In Tokyo, the average monthly income of these refugees is ¥107,000—about $1,140. Meanwhile, their monthly expenditures—estimating market-norm prices of ¥28,000 for accommodation, ¥26,000 for amenities, ¥29,000 for food, and additional necessities such as mobile phones—average just south of ¥100,000 per month. No shock, then, that they’re not able to save up the traditional four months’ rent for a deposit on a fixed address that would then qualify them to work as a regular employee. How do you say Catch-22 in Japanese?

The Internet Café Refugee Consultation Service was christened in Tokyo and Osaka following a media shitstorm that labeled these citizens “the hidden homeless.” Café-goers eligible for consultation are Tokyo residents who have been in the city for six months but who don’t have a place to live. Obviously, this exempts vast populations of poor from consultation. And, perhaps coincidentally, the consultation service’s office is in Shinjuku’s Kabukicho¯, Tokyo’s most dangerous and seductive entertainment district. To hear the government tell it, Shinjuku has the most internet cafés. Fair enough. We’ll just respectfully add that the policy reeks of quarantine and leave it at that.
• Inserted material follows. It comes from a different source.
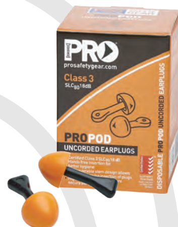
PRODUCT CODE : EPODU

SLC80 Value is 18 (Class 3) Hearing protector Class 3 tested to AS / NZS1270 When selected, used and maintained as specified in AS / NZS1269, this protector may be used in noise up to 100dB (A) assuming an 85dB (A) criterion. A lower criterion may require a higher protector class.
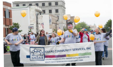
Memorial Day Parade

Prior to visiting the bureaucrats in Kabukicho¯, and before venturing off to the most famous of these cafés-turned-flophouses, I decided to have a practice run at a lesser-known internet café in the same area. In preparation, I went days without shaving, fixing my hair, or even swapping out my sweaty t-shirt. Simple, right? Become one of them, live like they live, and obtain real-life experiences to put into my story. But upon arriving at the café, I was told by the staff at the front desk that the place was full and that there was a waiting list. It was a polite, if transparent, way of saying, “No way are you getting a room, you fucking homeless slob.” To my mind, this knighted me a certified internet-café refugee. What was left for me to do but mingle with my compatriots?
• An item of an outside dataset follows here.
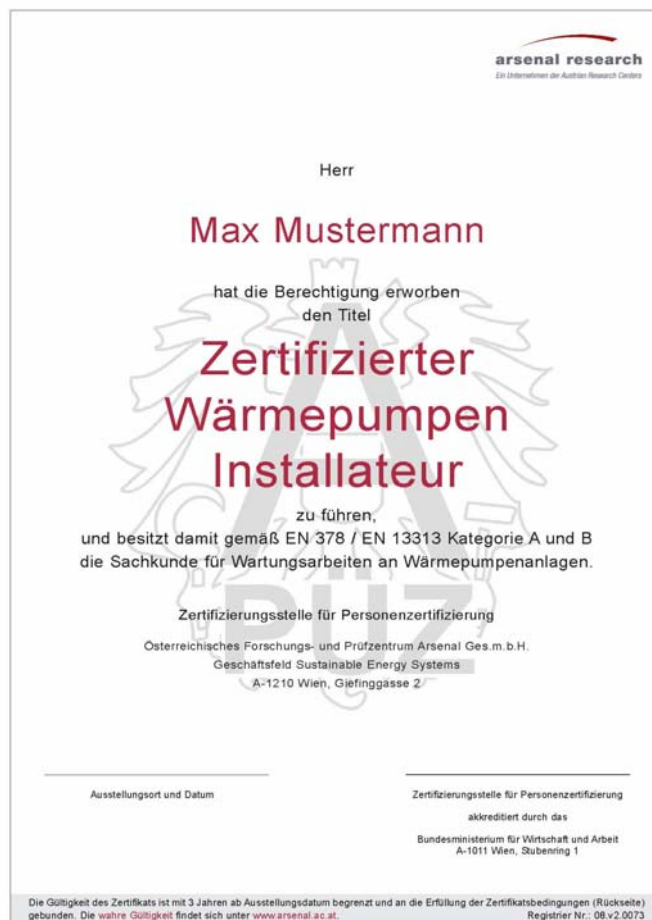
Figure 4: National Certificate

Outside, I quickly spotted one slovenly gentlemen in his 30s who was mumbling to himself. I asked him, “Hey, do you want to go and grab some breakfast together? It’s my treat. Eating by yourself is lonely, you know?” But he just looked at me like I was a maniac and walked away. I approached a couple of other likely refugees with the same result. Was I coming off as a gay psychopath looking for a homeless man to rape and murder? Maaaaybe. All told, I lived among them for a week and never made any headway. But that makes sense since most of them are day workers, a collection of individuals that are largely outcast by Japanese society. That, combined with the fact that they are homeless—an extra-shameful condition in a country that already passes around shame like it’s the gravy bowl at Thanksgiving—makes it no wonder that these guys are loath to talk to strangers. Still, I wondered if it was my technique. Begrudgingly, I changed tactics and dressed up as a proper media reporter. Each time I approached someone I was denied before I could finish a sentence.

Eventually, I made my way to the Tokyo suburb of Kamata, which has been featured prominently in media reports as a hub for internet-café refugees. I chose the café covered in the most reports, which is located in a ramshackle ten-story building a couple of minutes away from the station. A few feral, unkempt men loitered around, and sure enough, there in one corner was the snack bar and in another a vast collection of manga. Unexpectedly, there were flocks of junior high school kids who stampeded into the building at 7 PM to study. The old men waited out the kids’ time, impatiently sniffing their dirty t-shirts or just uncomfortably shifting from foot to foot near the elevator.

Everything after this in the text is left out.